The biggest concern in schools is not about children infecting children but more about teachers possibly infecting children because children are already infecting each other in their communities.
The Greatest threat to teachers is other teachers, not the children
Teachers should avoid close contact with learners and with each other
Little need to have close contact with children – so this should be avoided. (difficult in ECD and special needs).
Children can be infected by teachers – they have the same infection rates as adults, but they do not develop severe disease – the immune system clears the virus quickly and does not let it develop a high viral nose – so not infectious. Adults with mild symptoms still have high viral load and are infectious.
Have staff meeting outside to prevent self- inoculation – virus on surfaces
Teacher at home engaging with other adults have similar risk as if going to school – but if have comorbidities must be very careful about physical distancing
The Union Survey trying to establish incidence of co-morbidities in teachers will give a high-level summary of the situation

Are there medical reasons for the phased reopening of schools?
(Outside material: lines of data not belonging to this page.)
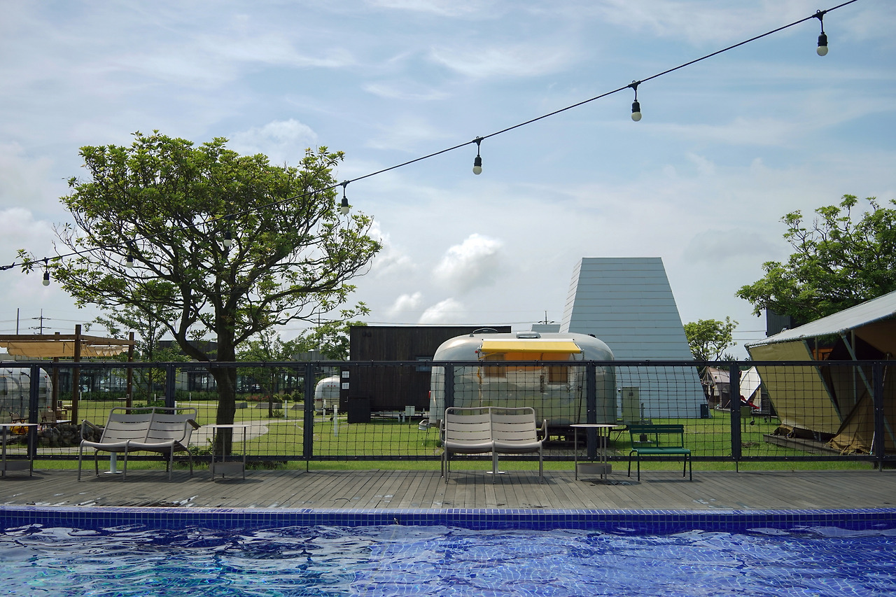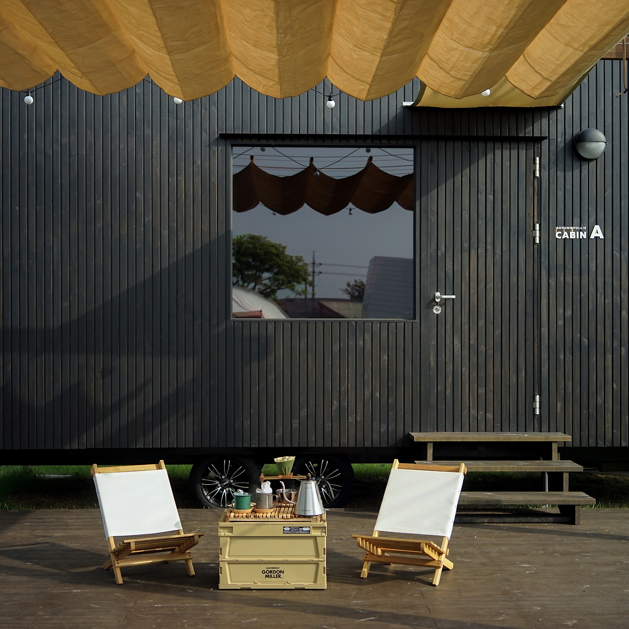 또 다른 널찍한 창은 어라운드폴리의 캠핑존을 향해 있었다. 그 앞으로는 탁자와 의자가 마련되어 있어 두 사람에게 딱 알맞은 다이닝 공간이었다.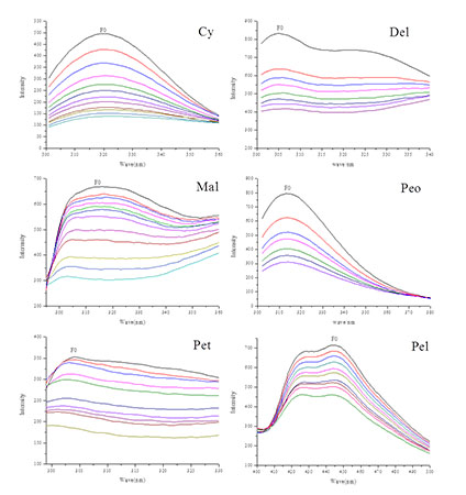 該篇發表在《食品化學》的論文即對第二個方面食品成分影響納米材料的吸收展開的研究工作。在這篇論文中,王峻康和張佳琪兩位同學深入探討了常見花青素對二氧化鈦納米顆粒的影響。花青素是自然界一類廣泛存在于植物中的水溶性天然色素,并且因為花青素具有一些生物學活性,各種類型花青素也經常被用作食品添加劑成分。二氧化鈦是常見的金屬類納米顆粒,在食品行業被廣泛用作添加劑,例如增白劑。因此,在口服條件下腸道細胞很可能同時暴露于花青素和二氧化鈦納米顆粒,但之前很少有研究分析了花青素-納米顆粒共暴露對腸道細胞的影響。在本項研究中,兩位同學首先通過熒光滴定實驗測定了花青素與二氧化鈦納米顆粒的結合常數,發現二氧化鈦納米顆粒可以結合花青素,結合常數主要受花青素的結構影響,而花青素的抗氧化活性的影響則微乎其微。
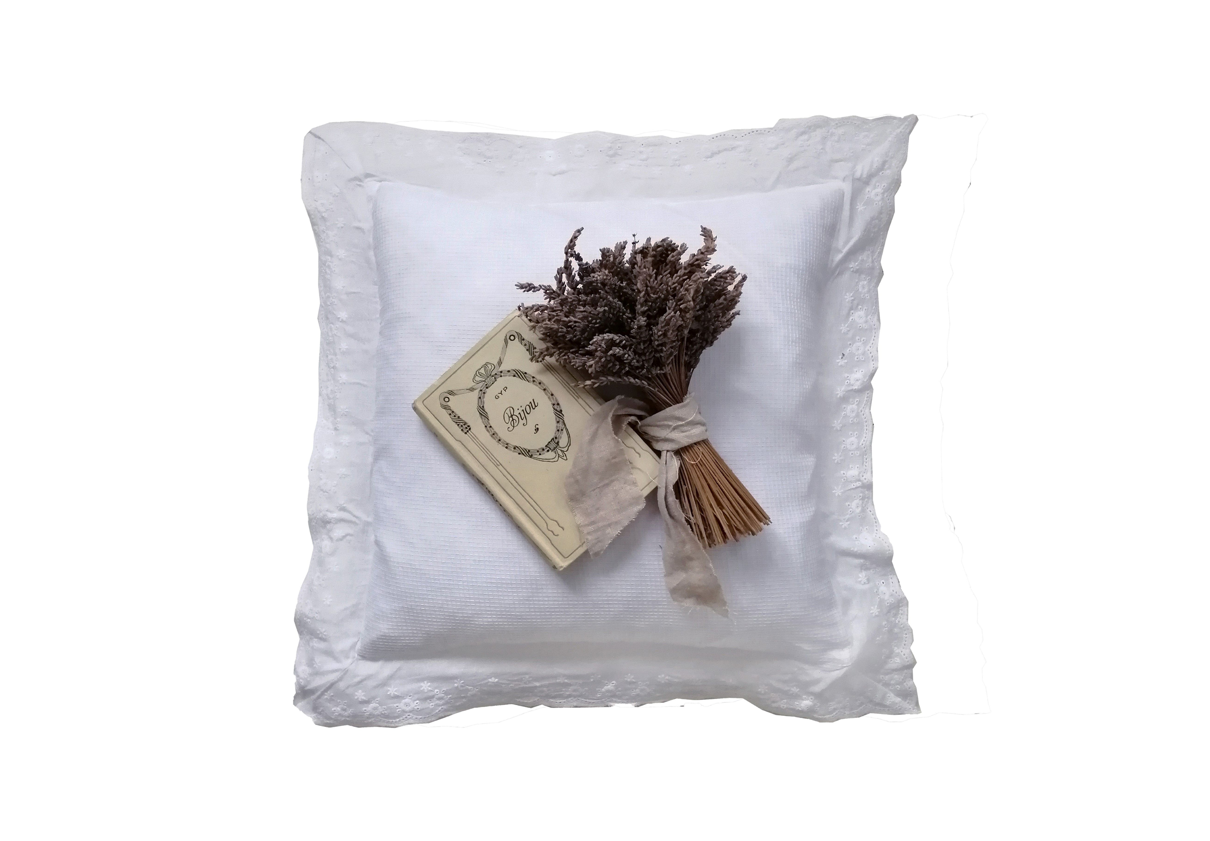 If you’re reimagining a bedroom with romantic lace curtains and vintage white bedding, this decorative cushion with waffle design and broderie anglaise border looks whimsy and welcoming.

Phased opening means that schools can start putting institutional practices into place; enables SMTs to see what is to be done and how to do it; gives everyone a chance to get used to the new normal. Can use time to educate teachers and parents so that behavior changes.

We need to use this ‘pilot’ time to assess and learn – and we need  more than a few weeks to do so

We will all understand more after the first few weeks 

We could open schools faster – if all the hand hygiene etc. routines in place.